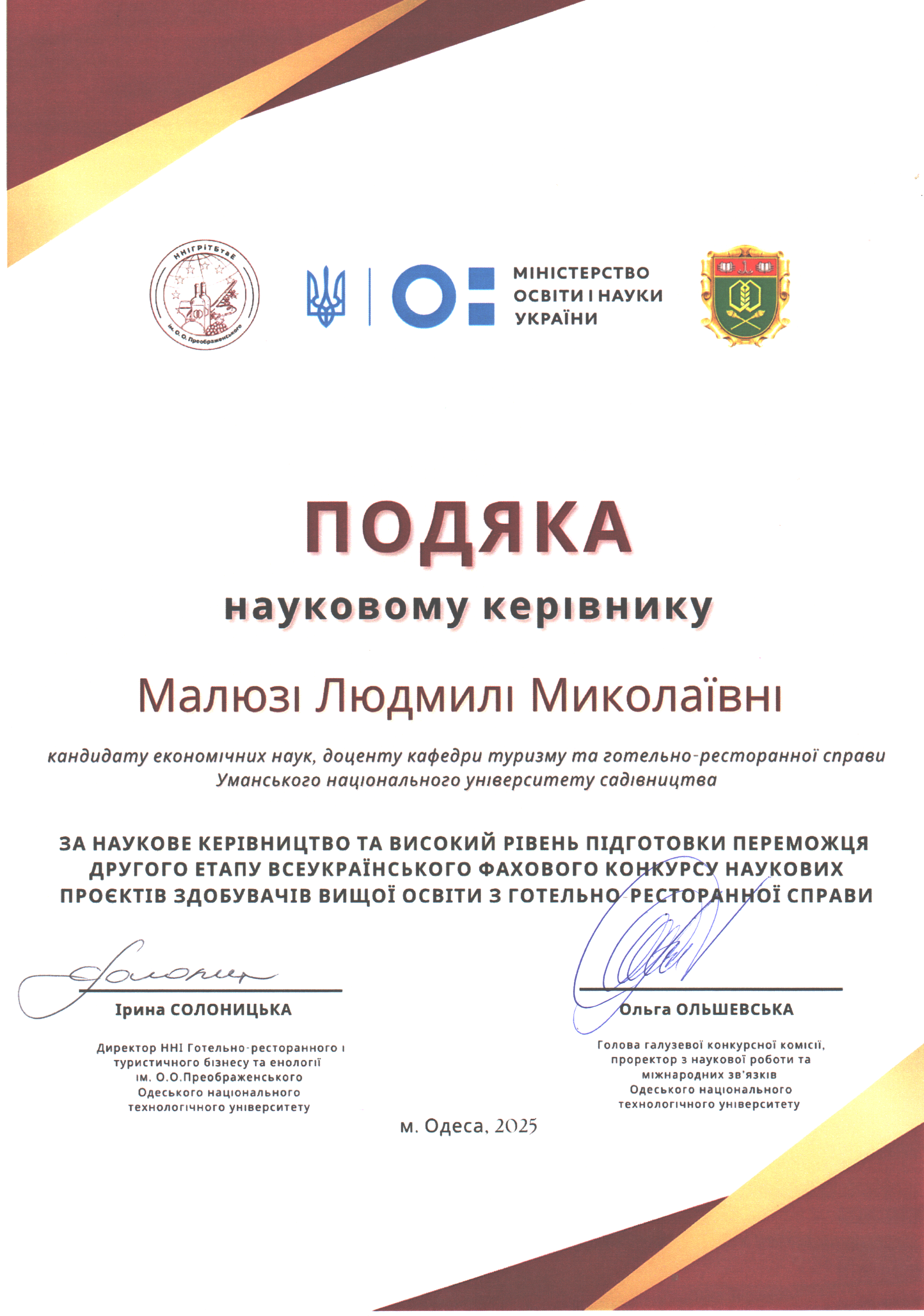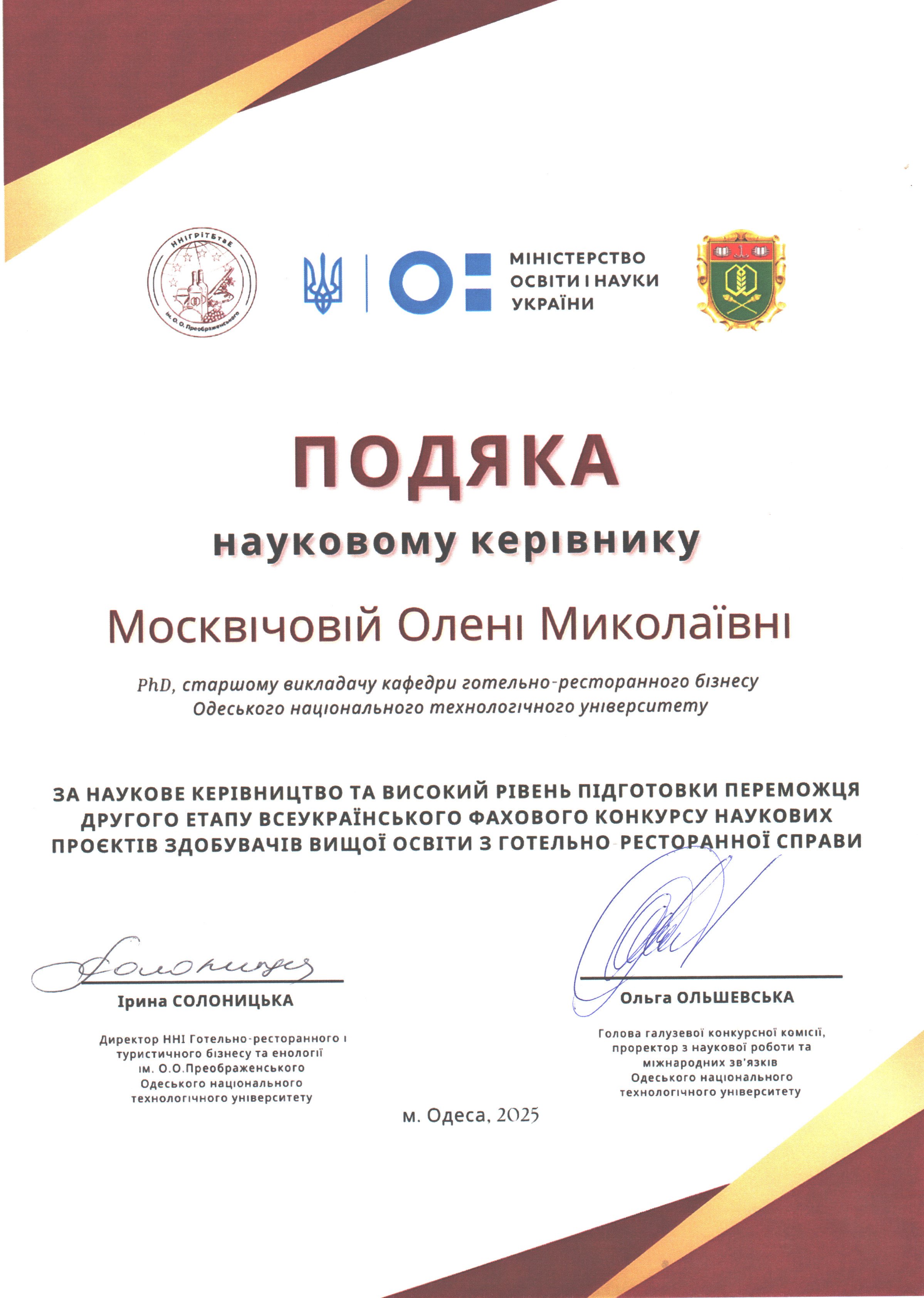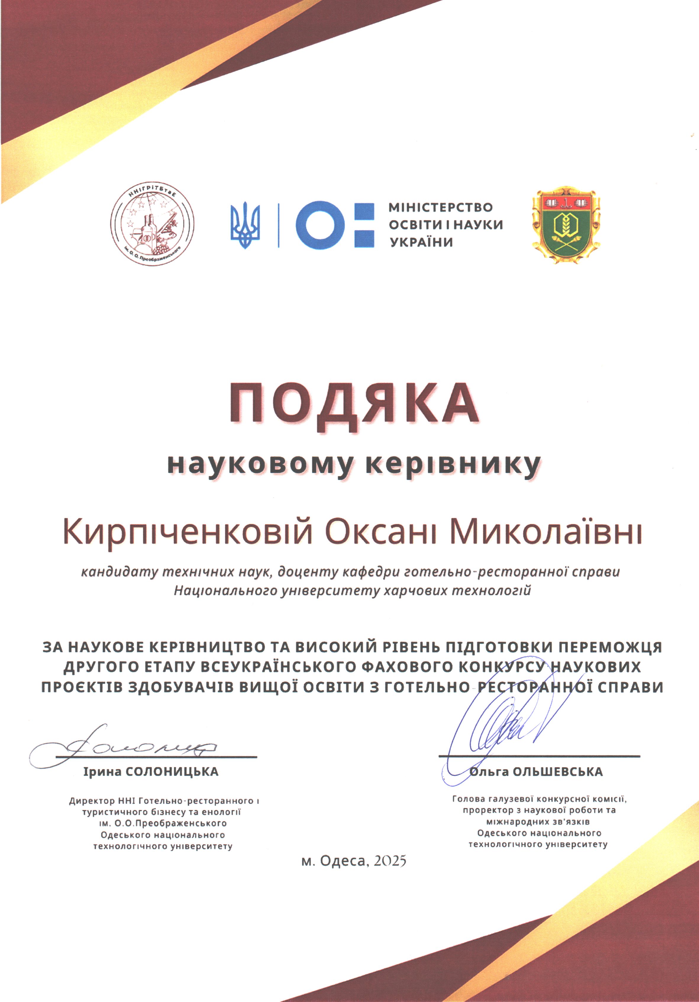 Всеукраїнська конференція здобувачів вищої освіти і молодих учених «ІНТЕГРАЦІЙНІ ТА ІННОВАЦІЙНІ НАПРЯМКИ РОЗВИТКУ ІНДУСТРІЇ ГОСТИННОСТІ»
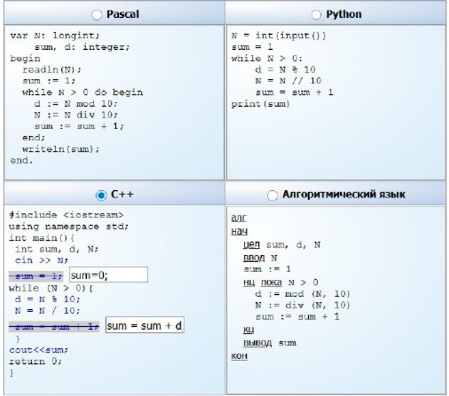 Задание 11. Программисту дали задание написать программу, при выполнении которой с клавиатуры считывается натуральное число N, не превосходящее 109, и выводится сумма цифр этого числа. Программист торопился и написал программу неправильно. Ниже приведён текст данной программы, написанный на четырёх языках программирования:
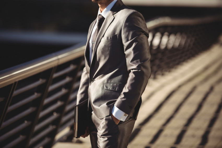 Человек в деловом костюме с рукой в кармане
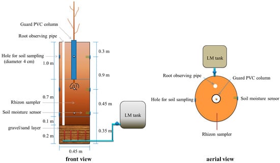 The pilot-scale column experiments were conducted under natural conditions during 21 months (from April 2013 to December 2014). The pilot-scale columns were fabricated from PVC (50 cm inner diameter and 200 cm height) and they were filled from bottom to top with 0.2 m of gravel and 1.7 m of prepared soil. In order to investigate the change in N and P contents in soils by woody plants, two soil sampling holes (4 cm inner diameter) on the side at 1 m and 1.5 m from the top of the column were set. An endoscope equipped with camera was also used at 1.5 m depth to observe the growth of the woody plant roots. Both poplar and willow were transplanted at 1 m depth in soils with PVC guard column (Figure 2) and also poplar was transplanted into the surface layer (Figure 2). After transplanting, water was supplied through the bottom of each column for rootage until July and then prepared LM (70 L; N: 110 mg·L−1; P: 110 mg·L−1) was supplied respectively from August to September in 2013 and from April to May in 2014 through the column bottom, using a water tank. Soil samples were collected from each sampling hole each year in April and September and in November 2014 and assessed for the effect of deep-planting technique on the removal of N and P in LM-applied soils. After cultivation, each column was split in half and then the root growth was investigated.
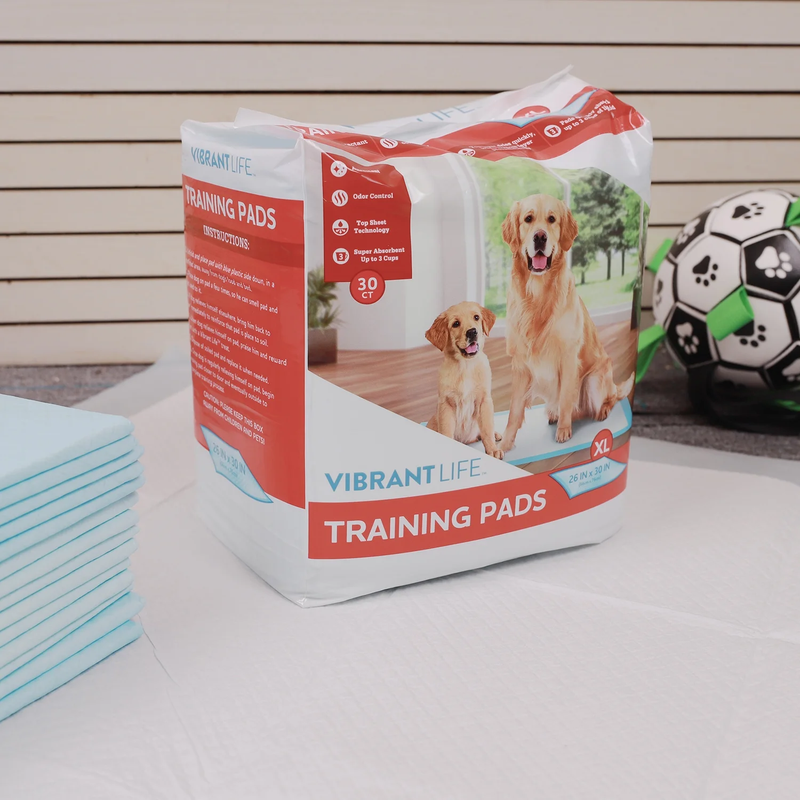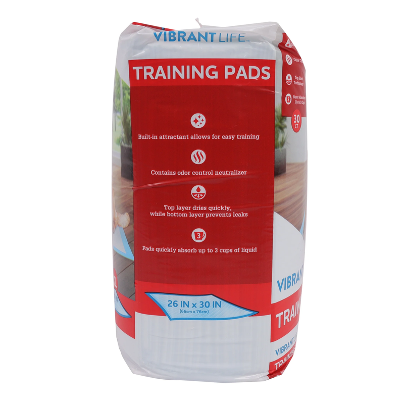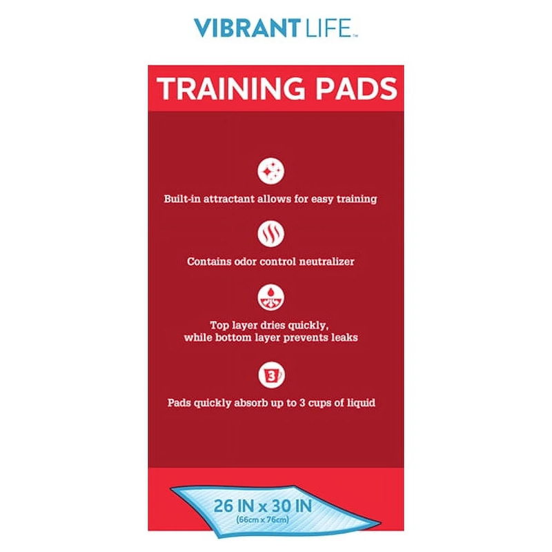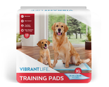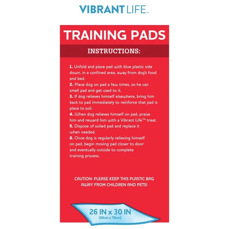 Keep your floors safe with the help of the Vibrant Life Training Pads. Their built-in attractant allows for easy training, and they contain an odor neutralizer. The top layer dries quickly, while the bottom layer prevents leaks. Each pad can quickly absorb up to two cups of liquid, keeping your floors safe and dry. When you have welcomed a brand-new puppy to your home, being proactive is a must, and these pads can help. Simply unfold and place the pad with the blue plastic side down, in a confined area, away from your pooch?s food and bed. Place your pup on the pad a few times so he can smell it and get used to it. If he happens to relieve himself elsewhere, bring him back to the pad immediately to reinforce that the pad is the place to soil. When your good boy relieves himself on the pad, praise him and be sure to reward him with a Vibrant Life treat! Make house training a little easier and keep your floors dry with Vibrant Life Training Pads. Help your pets live the Vibrant Life! Our products are specially crafted with one goal in mind, seeing your pet at its very best. With a variety of offerings designed to keep animals healthy, happy and energized, Vibrant Life stands out as the brand that truly puts your pet first.
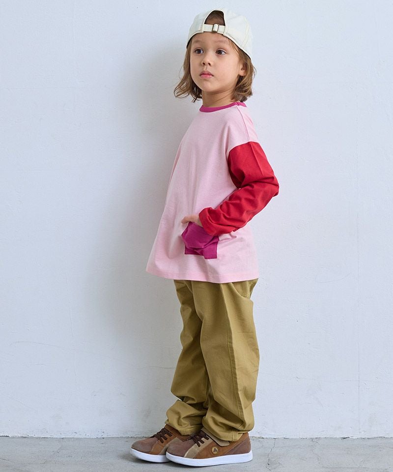 フロントの配色ポケットがさりげないアクセントになり、シンプルなのにしっかり映える1枚に仕上げました。
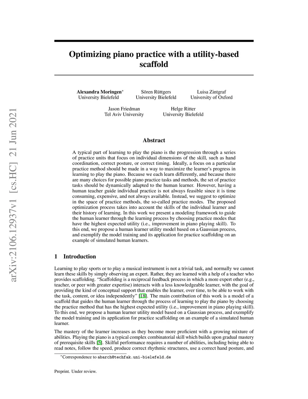 A typical part of learning to play the piano is the progression through a series of practice units that focus on individual dimensions of the skill, such as hand coordination, correct posture, or correct timing. Ideally, a focus on a particular practice method should be made in a way to maximize the learner's progress in learning to play the piano. Because we each learn differently, and because there are many choices for possible piano practice tasks and methods, the set of practice tasks should be dynamically adapted to the human learner. However, having a human teacher guide individual practice is not always feasible since it is time consuming, expensive, and not always available. Instead, we suggest to optimize in the space of practice methods, the so-called practice modes. The proposed optimization process takes into account the skills of the individual learner and their history of learning. In this work we present a modeling framework to guide the human learner through the learning process by choosing practice modes that have the highest expected utility (i.e., improvement in piano playing skill). To this end, we propose a human learner utility model based on a Gaussian process, and exemplify the model training and its application for practice scaffolding on an example of simulated human learners.
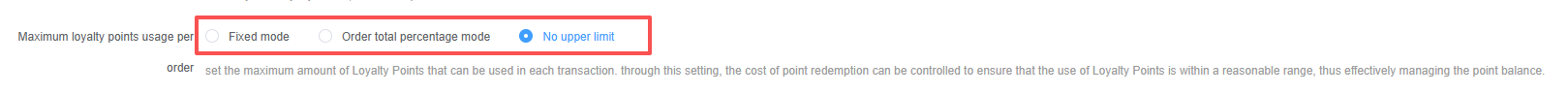 **此篇文档讲述消费积分获取的设置,并解释各配置项的含义** ## 操作流程 ### 1.获取 #### ①开启/关闭赠送 开启消费获取积分后,该订单的状态完成后,消费积分就会自动发放到支付的账户内  #### ②设置获取比例 填写,每消费$100可以获得XX消费积分(==只会发放商品价格部分的消费积分,服务费和GST的消费不会发放消费积分==)  #### ③余额付款设置 使用商业积分(账户充值余额)支付时,是否会进行赠送消费积分  ### 2.抵扣 #### ①开启/关闭抵扣 开启消费积分抵扣后,在支付时,可以选择是否使用消费积分来抵扣该订单总额  #### ②设置积分价值 填写,每100积分可以抵扣多少金额  #### ③最高使用比例 使用比例为‘固定模式’设置每笔订单最多使用多少积分;‘订单百分比模式’设置不同会员等级最多可以使用的比例;‘无上限’

= = = =

EXERCISE INSTRUCTIONS:
A verbatim copy of every record above is required, with all pictures omitted.

OUTPUT:
 Всеукраїнська конференція здобувачів вищої освіти і молодих учених «ІНТЕГРАЦІЙНІ ТА ІННОВАЦІЙНІ НАПРЯМКИ РОЗВИТКУ ІНДУСТРІЇ ГОСТИННОСТІ»
 Задание 11. Программисту дали задание написать программу, при выполнении которой с клавиатуры считывается натуральное число N, не превосходящее 109, и выводится сумма цифр этого числа. Программист торопился и написал программу неправильно. Ниже приведён текст данной программы, написанный на четырёх языках программирования:
 Человек в деловом костюме с рукой в кармане
 The pilot-scale column experiments were conducted under natural conditions during 21 months (from April 2013 to December 2014). The pilot-scale columns were fabricated from PVC (50 cm inner diameter and 200 cm height) and they were filled from bottom to top with 0.2 m of gravel and 1.7 m of prepared soil. In order to investigate the change in N and P contents in soils by woody plants, two soil sampling holes (4 cm inner diameter) on the side at 1 m and 1.5 m from the top of the column were set. An endoscope equipped with camera was also used at 1.5 m depth to observe the growth of the woody plant roots. Both poplar and willow were transplanted at 1 m depth in soils with PVC guard column (Figure 2) and also poplar was transplanted into the surface layer (Figure 2). After transplanting, water was supplied through the bottom of each column for rootage until July and then prepared LM (70 L; N: 110 mg·L−1; P: 110 mg·L−1) was supplied respectively from August to September in 2013 and from April to May in 2014 through the column bottom, using a water tank. Soil samples were collected from each sampling hole each year in April and September and in November 2014 and assessed for the effect of deep-planting technique on the removal of N and P in LM-applied soils. After cultivation, each column was split in half and then the root growth was investigated.
 Keep your floors safe with the help of the Vibrant Life Training Pads. Their built-in attractant allows for easy training, and they contain an odor neutralizer. The top layer dries quickly, while the bottom layer prevents leaks. Each pad can quickly absorb up to two cups of liquid, keeping your floors safe and dry. When you have welcomed a brand-new puppy to your home, being proactive is a must, and these pads can help. Simply unfold and place the pad with the blue plastic side down, in a confined area, away from your pooch?s food and bed. Place your pup on the pad a few times so he can smell it and get used to it. If he happens to relieve himself elsewhere, bring him back to the pad immediately to reinforce that the pad is the place to soil. When your good boy relieves himself on the pad, praise him and be sure to reward him with a Vibrant Life treat! Make house training a little easier and keep your floors dry with Vibrant Life Training Pads. Help your pets live the Vibrant Life! Our products are specially crafted with one goal in mind, seeing your pet at its very best. With a variety of offerings designed to keep animals healthy, happy and energized, Vibrant Life stands out as the brand that truly puts your pet first.
 フロントの配色ポケットがさりげないアクセントになり、シンプルなのにしっかり映える1枚に仕上げました。
 A typical part of learning to play the piano is the progression through a series of practice units that focus on individual dimensions of the skill, such as hand coordination, correct posture, or correct timing. Ideally, a focus on a particular practice method should be made in a way to maximize the learner's progress in learning to play the piano. Because we each learn differently, and because there are many choices for possible piano practice tasks and methods, the set of practice tasks should be dynamically adapted to the human learner. However, having a human teacher guide individual practice is not always feasible since it is time consuming, expensive, and not always available. Instead, we suggest to optimize in the space of practice methods, the so-called practice modes. The proposed optimization process takes into account the skills of the individual learner and their history of learning. In this work we present a modeling framework to guide the human learner through the learning process by choosing practice modes that have the highest expected utility (i.e., improvement in piano playing skill). To this end, we propose a human learner utility model based on a Gaussian process, and exemplify the model training and its application for practice scaffolding on an example of simulated human learners.
 **此篇文档讲述消费积分获取的设置,并解释各配置项的含义** ## 操作流程 ### 1.获取 #### ①开启/关闭赠送 开启消费获取积分后,该订单的状态完成后,消费积分就会自动发放到支付的账户内  #### ②设置获取比例 填写,每消费$100可以获得XX消费积分(==只会发放商品价格部分的消费积分,服务费和GST的消费不会发放消费积分==)  #### ③余额付款设置 使用商业积分(账户充值余额)支付时,是否会进行赠送消费积分  ### 2.抵扣 #### ①开启/关闭抵扣 开启消费积分抵扣后,在支付时,可以选择是否使用消费积分来抵扣该订单总额  #### ②设置积分价值 填写,每100积分可以抵扣多少金额  #### ③最高使用比例 使用比例为‘固定模式’设置每笔订单最多使用多少积分;‘订单百分比模式’设置不同会员等级最多可以使用的比例;‘无上限’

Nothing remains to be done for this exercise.